Already on GitHub? Sign in to your account

Maximo Application Suite Core Installer failing on ROSA HCP #1193

Open
aneeshfuj opened this issue Jan 29, 2024 · 5 comments
Open

Maximo Application Suite Core Installer failing on ROSA HCP #1193

aneeshfuj opened this issue Jan 29, 2024 · 5 comments

Comments

@aneeshfuj
Copy link

aneeshfuj commented Jan 29, 2024

Hi

I can't get Maximo Application Suite Core installed on ROSA HCP. This works fine on classic OpenShift 4.14.7 but not on HCP.

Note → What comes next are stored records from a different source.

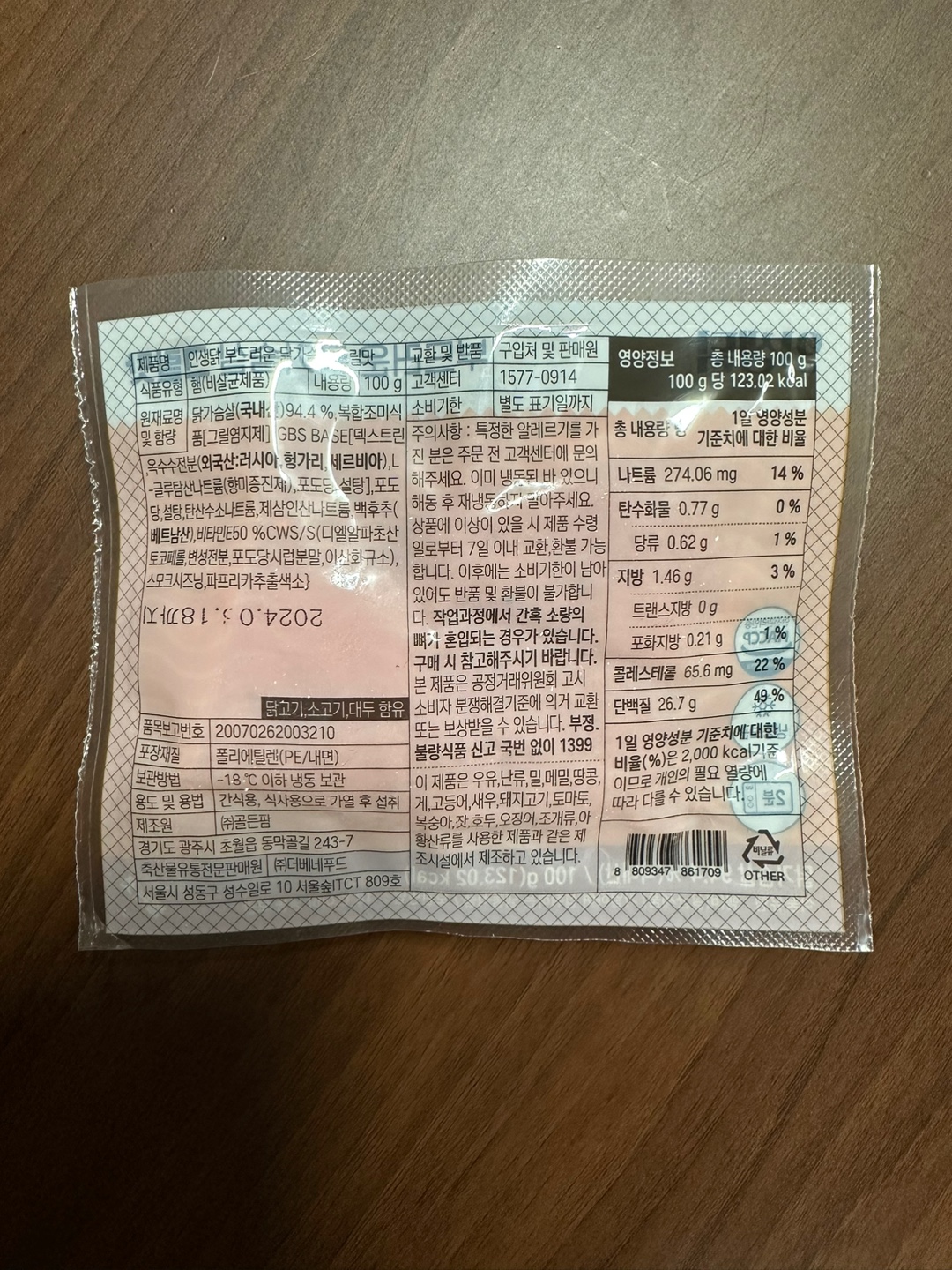 인생닭의 부드러운 닭가슴살 그릴맛인데요. 국내산 닭 94.4%에 100g으로 소분되어있고, 총 열량은 123.02kcal 입니다.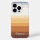 Minimalistisch gestreifte Telefonzelle in Orange-, Gelb- und hellbraunen Farbtönen mit blauem Akzent. Sie können es personalisieren, indem Sie den Namen ändern.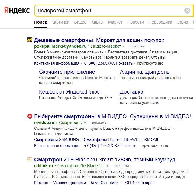 В случае с "недорогим смартфоном" мы увидим вот такие запросы: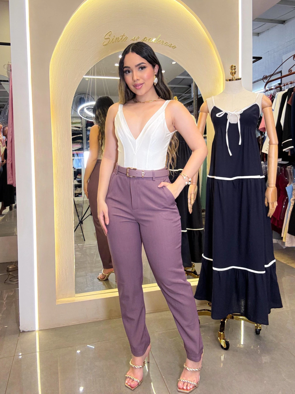 A Calça Cátia traz a sofisticação da alfaiataria com um toque moderno da modelagem cenoura. De cintura alta e levemente ajustada no tornozelo, valoriza a silhueta e oferece conforto ao vestir. Possui bolsos laterais, passantes na cintura e acompanha cinto do mesmo tecido com fivela dourada trabalhada, que garante acabamento elegante à peça.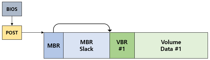 앞선 과정을 거치고나면 주 하드디스크 드라이브의 MBR 부트 코드를 호출합니다. (주 하드디스크는 BIOS 셋업 설정에서 변경할 수 있음)

The Ansible playbook fails with the following error:

TASK [ibm.mas_devops.uds : Extract certificate chain into a variable] *******************************************************************************************************************************************************************************************************************
fatal: [localhost]: FAILED! => {"msg": "The task includes an option with an undefined variable. The error was: 'cluster_ingress_tls_crt' is undefined. 'cluster_ingress_tls_crt' is undefined\n\nThe error appears to be in '/root/.ansible/collections/ansible_collections/ibm/mas_devops/common_tasks/get_signed_ingress_cert.yml': line 99, column 3, but may\nbe elsewhere in the file depending on the exact syntax problem.\n\nThe offending line appears to be:\n\n# Break up the certificate into an array\n- name: "Extract certificate chain into a variable"\n ^ here\n"}

On HCP (openshift-ingress namespace), if you do

kubectl get secrets --field-selector type=kubernetes.io/tls

You get the following output:

NAME TYPE DATA AGE
router-metrics-certs-default kubernetes.io/tls 2 157m

On unmanaged OCP 4.14.7, you get the following output for the same command:

NAME TYPE DATA AGE
router-certs-default kubernetes.io/tls 2 65m
router-metrics-certs-default kubernetes.io/tls 2 65m

If you look at the file get_signed_ingress_cert.yml, you have the following code:

  • name: "Record that we have found the {{ ocp_ingress_tls_secret_name }} cert secret"
      when:
        - router_certs_default_secret is defined
        - router_certs_default_secret.resources | length > 0
      set_fact:
        found_router_default_secret: true
        cluster_ingress_secret_name: "{{ ocp_ingress_tls_secret_name }}"
        cluster_ingress_tls_crt: "{{ router_certs_default_secret.resources[0].data['tls.crt'] | b64decode }}"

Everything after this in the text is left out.